The second one is more of an optimization, cost optimization or processing efficiency, so that it will give you three or four different parameters, which is, the first one is, if you are already defining those metrics and have a benchmark, then if if you’re fast tracking some of the data delivery so that it could get the product out sooner, I think that definitely gives you the optimized some, like a number of days, or how much and then you can translate to your cost depending on the number of people, the cost of, you know, hire and all that stuff. So that’s the optimization. on the people side, you know, making sure that you bring the right talent and skill to your team or that you are already having it. But one area that we always recommend is once a year or so, or what, you know, I think that’s probably a good cadence to bring someone else, talk to your partners that you are working with or industry experts, making sure that you are still on the right path, or you are not missing any industry trend. So industry expertise is very important. And the last one is on the technology front edge, you are planning what tools and platforms you need.
Summary
You know, of course, it’s a SAS or whatever platform is service, what model you go depending on the business, the license costs, and there is an element of implementation for some degree.

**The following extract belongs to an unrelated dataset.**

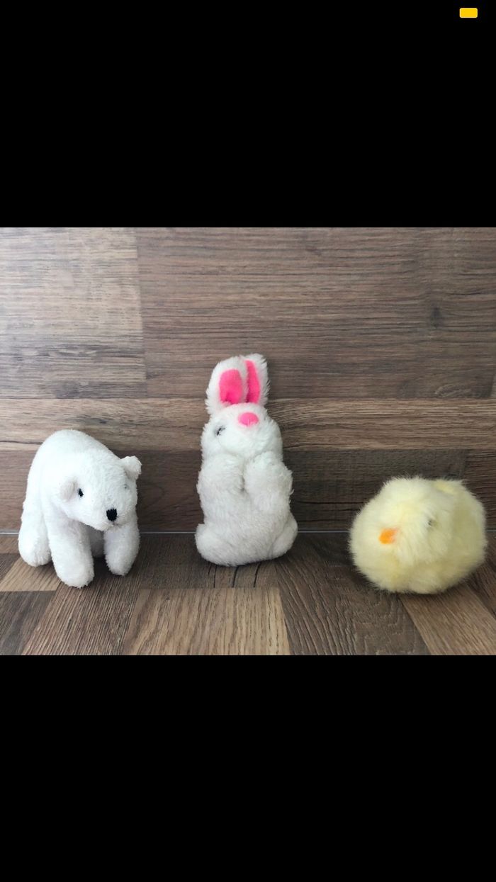 ✨Lot de 3 petites peluches en très bon état 🏷1ère peluche ours blanc de 9 cm de hauteur 🏷2e peluche lapin vintage de 6 cm de hauteur 🏷3e peluche : poussin de 7 cm de hauteur
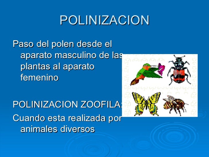 7. 11. POLINIZACION <ul><li>Paso del polen desde el aparato masculino de las plantas al aparato femenino </li></ul><ul><li>POLINIZACION ZOOFILA: </li></ul><ul><li>Cuando esta realizada por animales diversos </li></ul>

And those infrastructures that are part of the technology. And then from a saving standpoint is once you have things in place, and you understand, okay, I have been bringing all these data sets, I’m consuming tons of money for my cloud cost. Now I realize that a lot of this assets, that processing can be turned off because we are realizing that either people have moved on or they’re not using it. So it gives you a lot of license optimization and infrastructure savings, which is a big component for any any data ecosystem. So this is these are all the different considerations as you’re putting numbers to each of the parameters. And of course, there may be other things that you can consider but this should give give you a good starting point for you to start planning your budget. Okay. I think that’s all I have and thank you for the opportunity to share some of our experience, and hopefully, you find that this is useful for building a business case.